Action item - Would you please set down the data again exactly as given, excluding the pictures?

Material to process -
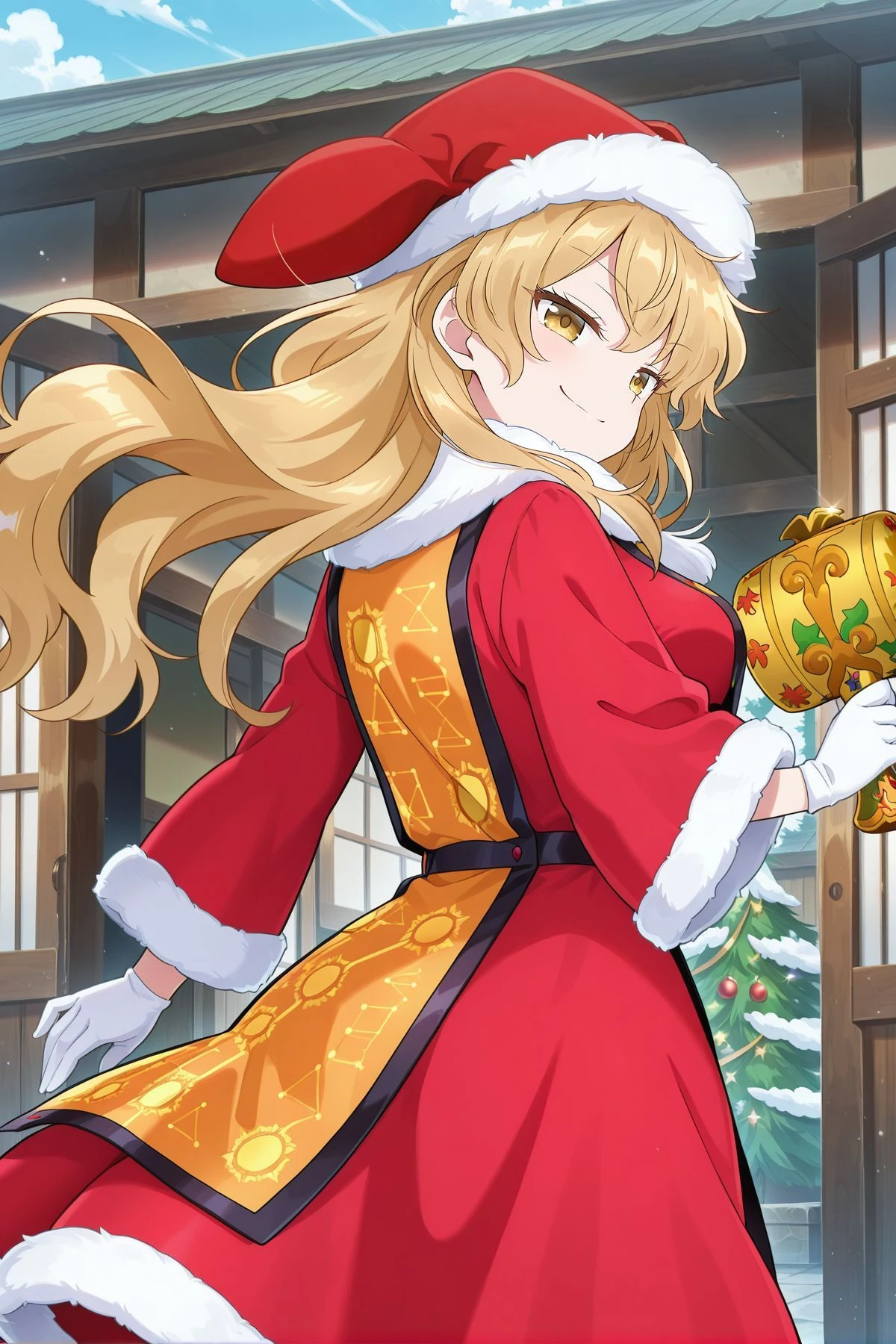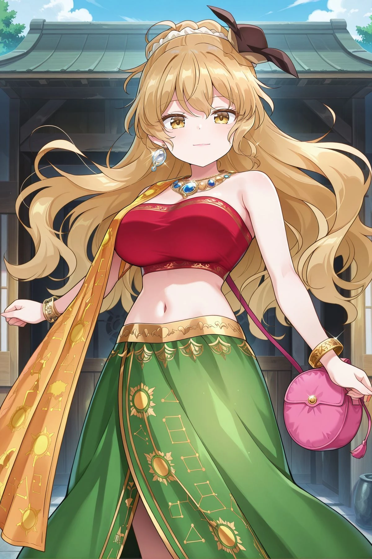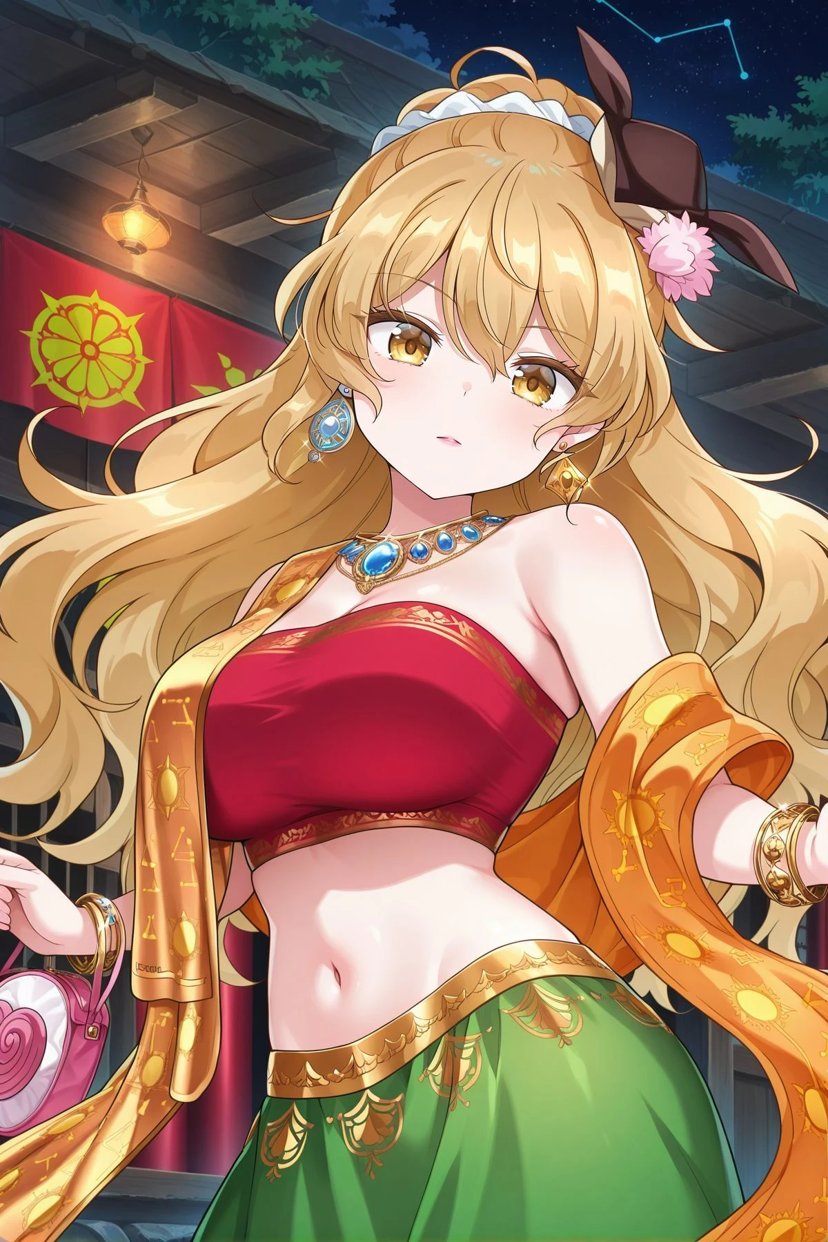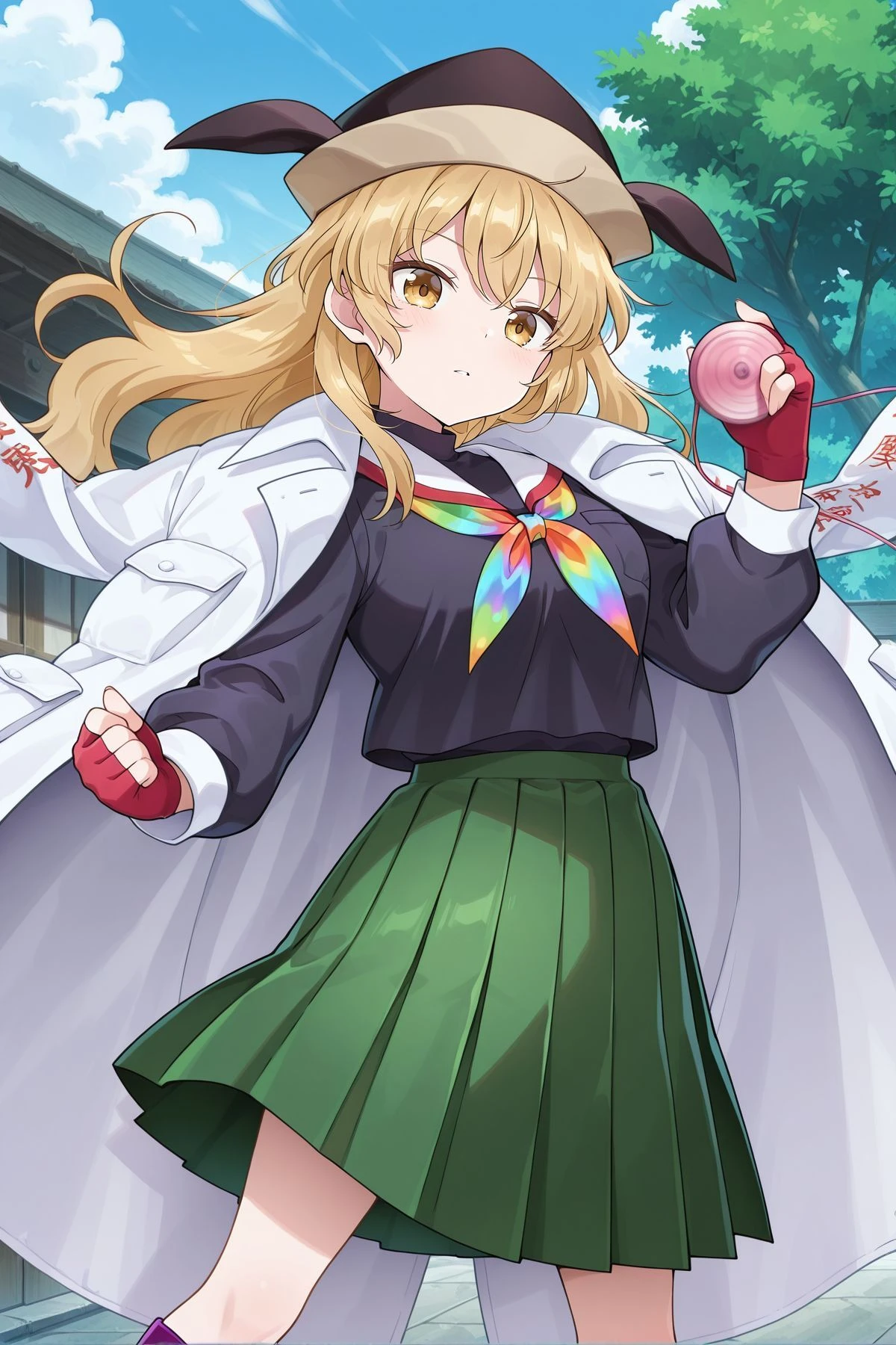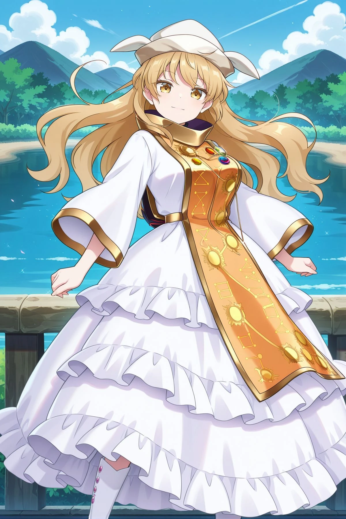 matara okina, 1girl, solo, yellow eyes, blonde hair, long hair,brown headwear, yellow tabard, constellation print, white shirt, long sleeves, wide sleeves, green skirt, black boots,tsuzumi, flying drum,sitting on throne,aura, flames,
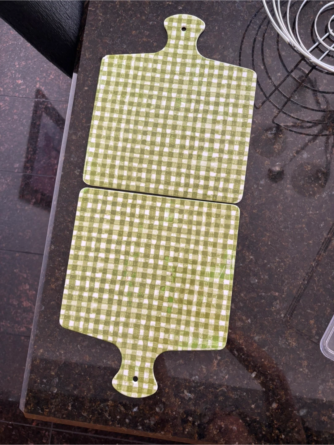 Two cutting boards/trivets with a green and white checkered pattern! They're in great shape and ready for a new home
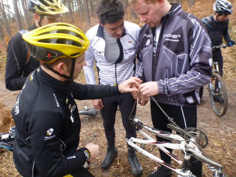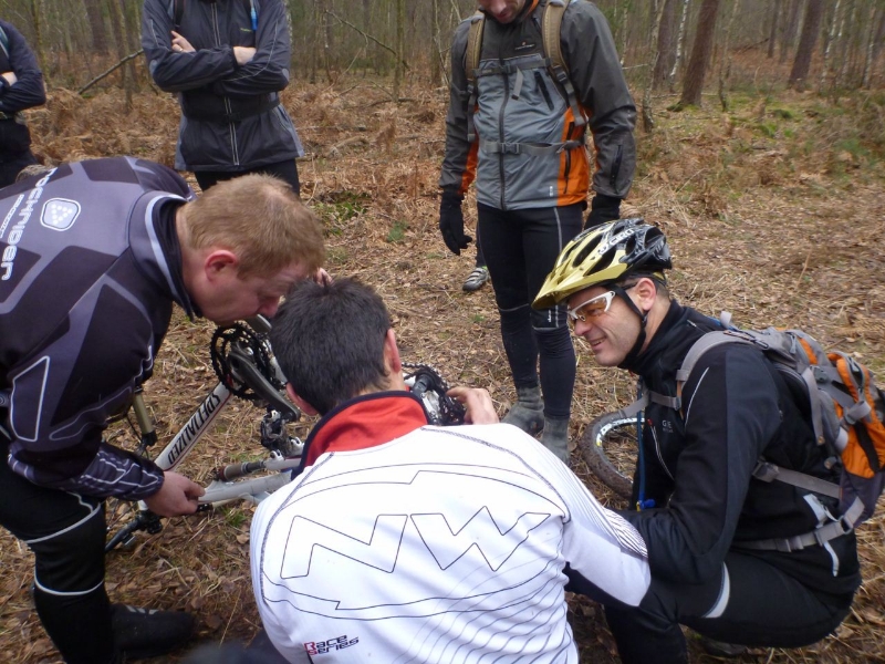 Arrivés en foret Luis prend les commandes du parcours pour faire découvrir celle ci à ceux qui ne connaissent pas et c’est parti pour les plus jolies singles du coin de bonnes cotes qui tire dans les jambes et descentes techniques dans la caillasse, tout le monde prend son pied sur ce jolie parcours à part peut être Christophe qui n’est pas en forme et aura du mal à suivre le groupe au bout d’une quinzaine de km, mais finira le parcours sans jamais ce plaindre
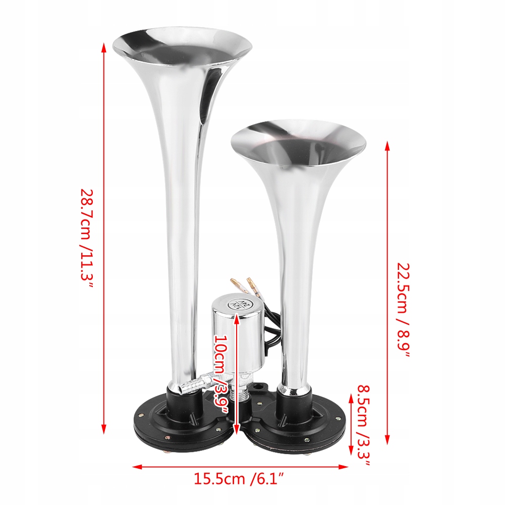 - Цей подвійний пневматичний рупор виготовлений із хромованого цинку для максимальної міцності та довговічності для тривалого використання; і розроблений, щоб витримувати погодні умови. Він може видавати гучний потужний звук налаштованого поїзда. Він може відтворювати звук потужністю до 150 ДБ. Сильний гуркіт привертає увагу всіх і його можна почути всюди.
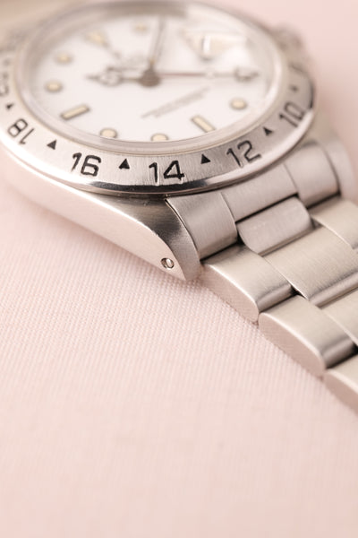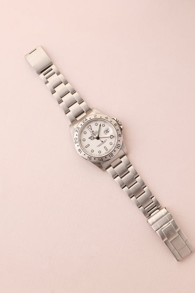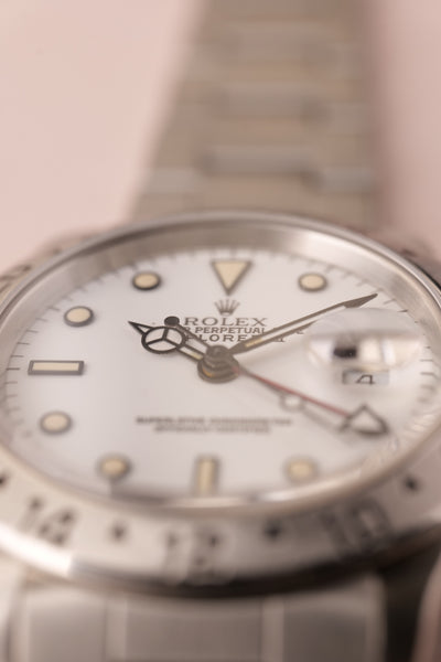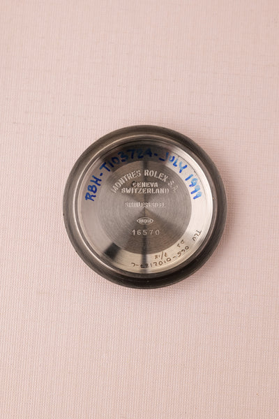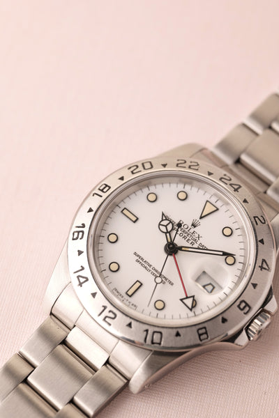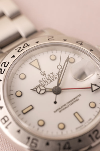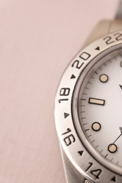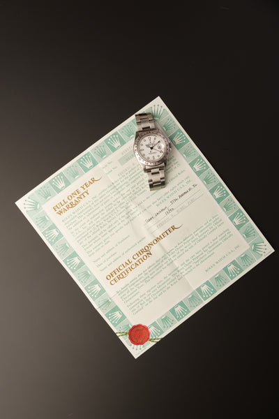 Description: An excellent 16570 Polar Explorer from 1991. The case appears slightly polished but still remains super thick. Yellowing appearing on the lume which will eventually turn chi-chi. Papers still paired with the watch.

Exercise result -
 matara okina, 1girl, solo, yellow eyes, blonde hair, long hair,brown headwear, yellow tabard, constellation print, white shirt, long sleeves, wide sleeves, green skirt, black boots,tsuzumi, flying drum,sitting on throne,aura, flames,
 Two cutting boards/trivets with a green and white checkered pattern! They're in great shape and ready for a new home
 Arrivés en foret Luis prend les commandes du parcours pour faire découvrir celle ci à ceux qui ne connaissent pas et c’est parti pour les plus jolies singles du coin de bonnes cotes qui tire dans les jambes et descentes techniques dans la caillasse, tout le monde prend son pied sur ce jolie parcours à part peut être Christophe qui n’est pas en forme et aura du mal à suivre le groupe au bout d’une quinzaine de km, mais finira le parcours sans jamais ce plaindre
 - Цей подвійний пневматичний рупор виготовлений із хромованого цинку для максимальної міцності та довговічності для тривалого використання; і розроблений, щоб витримувати погодні умови. Він може видавати гучний потужний звук налаштованого поїзда. Він може відтворювати звук потужністю до 150 ДБ. Сильний гуркіт привертає увагу всіх і його можна почути всюди.
 Description: An excellent 16570 Polar Explorer from 1991. The case appears slightly polished but still remains super thick. Yellowing appearing on the lume which will eventually turn chi-chi. Papers still paired with the watch.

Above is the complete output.